Feds charge three in Bitcoin scam involving high-powered Twitter accounts

Federal prosecutors have charged three people in connection with a high-profile hack of famous Twitter accounts including those of Bill...

Federal prosecutors have charged three people in connection with a high-profile hack of famous Twitter accounts including those of Bill Gates, Elon Musk and Kanye West, authorities said Friday.

The defendants allegedly hacked into 130 Twitter accounts on July 15 and scammed users into handing over Bitcoin with the false promise that their deposits would be doubled, according to the U.S. Attorney’s Office.

The alleged hackers have been identified as Mason Sheppard, 19, of the United Kingdom, Nima Fazeli, 22, of Orlando, Florida, and an unnamed defendant who is reportedly the mastermind of the hack.
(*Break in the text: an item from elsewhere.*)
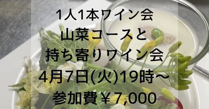 【主催者からのコメント】 1人1本ワイン会はシェフのお料理に合わせて皆さまが持ち寄ってくださったワインを楽しむ会です。 今回は春の味覚☘️【山菜コース編】です♪ 人口約2,000人!長野県の秘境小川村から届く山菜を使用したコースです。 標高500m〜1,000m。 日本で最も美しい村連合の一つ、小川村。 澄んだ空気と美しい水と栄養たっぷりの土で育った山菜は冬・・・

U.S. Attorney for the Northern District of California David Anderson warned would-be hackers to reconsider their actions.

“Criminal conduct over the Internet may feel stealthy to the people who perpetrate it, but there is nothing stealthy about it,” Anderson said. “In particular, I want to say to would-be offenders, break the law, and we will find you.”

In this case, the hackers allegedly stole the Bitcoins deposited into the scam account and recieved more than 400 transfers totalling about 12.86 Bitcoin, or more than $100,000.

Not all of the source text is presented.